Monday, April 28, 2014

A Classic Hard-Boiled Novel from Elliott Chaze

Reviewed by James L. Thane
Four out of five stars

Black Wings Has My Angel was originally published in 1953 as a Gold Medal mass-market paperback, one of the hundreds of pulpish novels aimed at male readers that filled paperback book racks in drugstores and other such places all over the country in the Fifties. For whatever reason, though, and unlike so many of the other of these books that can still be found in used bookstores, this one has become extremely scarce, which is a tragedy because it's a classic of the hard-boiled school. Kudos, then, to the folks at Stark House who have reprinted the book in a new edition, along with One Is a Lonely Number, by Bruce Elliott.

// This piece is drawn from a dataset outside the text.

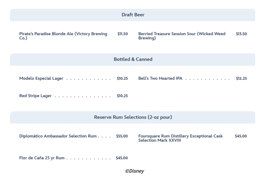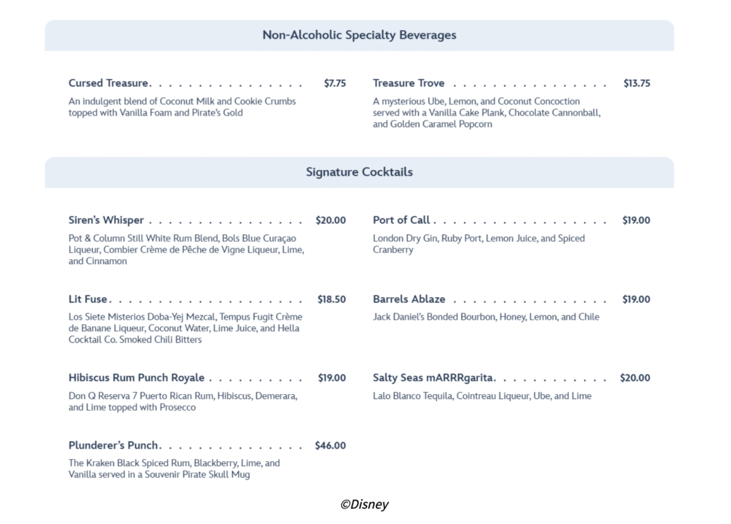 • Salty Seas mARRRgarita, Siren’s Whisper, Hibiscus Rum Punch Royale, Plunderer’s Punch (US$ 46, servido em caneca caveira colecionável).

The story is narrated by a man who’s initially calling himself Tim Sunblade. We quickly learn that Tim has recently broken out of prison and that he has a plan to pull off a crime that will leave him on easy street for the rest of his life. In a fleabag motel, he sends out for a ten-dollar hooker. The woman who arrives with the bellboy calls herself Virginia and appears to be much too beautiful and skilled at her trade to be working this low-rent circuit.

Sunblade is entranced by the woman and so takes her along when he hits the road. He tells himself that he will dump her before too long, but he never gets around to doing so. She’s gotten under his skin and in a novel like this, we know that's going to mean a whole lot of trouble not too far down the road. "I wanted Virginia," he says. "She was a creature of moonlight, crazy as moonlight, all upthrusting radiance and hard silver dimples and hollows, built for one thing and only one thing and perfectly for that."

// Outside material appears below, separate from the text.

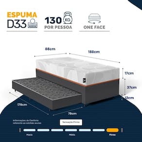 A espuma D33 garante suporte firme e estável, ideal para quem busca alinhamento corporal e conforto consistente no uso diário.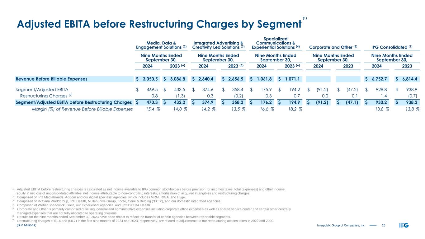 24Interpublic Group of Companies, Inc. Media, Data & Engagement Solutions (2) Integrated Advertising & Creativity Led Solutions (3) Specialized Communications & Experiential Solutions (4) Corporate and Other (5) IPG Consolidated (1) Three Months Ended September 30, Three Months Ended September 30, Three Months Ended September 30, Three Months Ended September 30, Three Months Ended September 30, 2024 2023 (6) 2024 2023 (6) 2024 2023 (6) 2024 2023 2024 2023 Revenue Before Billable Expenses $ 1,025.7 $ 1,060.0 $ 848.9 $ 877.7 $ 368.1 $ 371.3 $ 2,242.7 $ 2,309.0 Segment/Adjusted EBITA $ 194.9 $ 209.1 $ 134.0 $ 129.3 $ 78.5 $ 77.7 $ (22.1) $ (18.3) $ 385.3 $ 397.8 Restructuring Charges (7) 0.5 (0.1) 0.0 (0.5) 0.0 (0.2) 0.0 0.2 0.5 (0.6) Segment/Adjusted EBITA before Restructuring Charges $ 195.4 $ 209.0 $ 134.0 $ 128.8 $ 78.5 $ 77.5 $ (22.1) $ (18.1) $ 385.8 $ 397.2 Margin (%) of Revenue Before Billable Expenses 19.1 % 19.7 % 15.8 % 14.7 % 21.3 % 20.9 % 17.2 % 17.2 % ($ in Millions) (1) Adjusted EBITA before restructuring charges is calculated as net income available to IPG common stockholders before provision for incomes taxes, total (expenses) and other income, equity in net loss of unconsolidated affiliates, net income attributable to non-controlling interests, amortization of acquired intangibles and restructuring charges. (2) Comprised of IPG Mediabrands, Acxiom and our digital specialist agencies, which includes MRM, R/GA, and Huge. (3) Comprised of McCann Worldgroup, IPG Health, MullenLowe Group, Foote, Cone & Belding ("FCB"), and our domestic integrated agencies. (4) Comprised of Weber Shandwick, Golin, our Experiential agencies, and IPG DXTRA Health. (5) Corporate and Other is primarily comprised of selling, general and administrative expenses including corporate office expenses as well as shared service center and certain other centrally managed expenses that are not fully allocated to operating divisions. (6) Results for the three months ended September 30, 2023 have been recast to reflect the transfer of certain agencies between reportable segments. (7) Restructuring charges of $0.5 and ($0.6) in the third quarter of 2024 and 2023, respectively, are related to adjustments to our restructuring actions taken in 2022 and 2020. Adjusted EBITA before Restructuring Charges by Segment (1)

Virginia has secrets of her own and in a relationship like this, neither party can afford to trust the other very far. It’s bound to be a rocky ride, and more than a little bit dangerous, but Tim ultimately concludes that Virginia is just the partner he needs for the big job he intends to pull off.

Through the early part of the book, we watch the two travel cross country and make the necessary preparations for the crime they intend to commit. In the interim, they see a lot of the country, vividly described by Chaze, and they also have a lot of fairly rough sex, which is also fairly vividly described, at least for 1953.

In many respects, of course, this is a fairly familiar story, but in the hands of Elliott Chaze, it rises to something extraordinary. The writing is visceral and cuts close to the bone. As my friend, William Johnson, has suggested, this is a book that you feel rather than simply read.

My only reservation has to do with the crime itself. Without giving anything away, there's a development that took me out of the story just enough to make me give this four stars rather than five. But still, it's an excellent read and one that any fan of classic crime fiction should race out and discover for him or herself.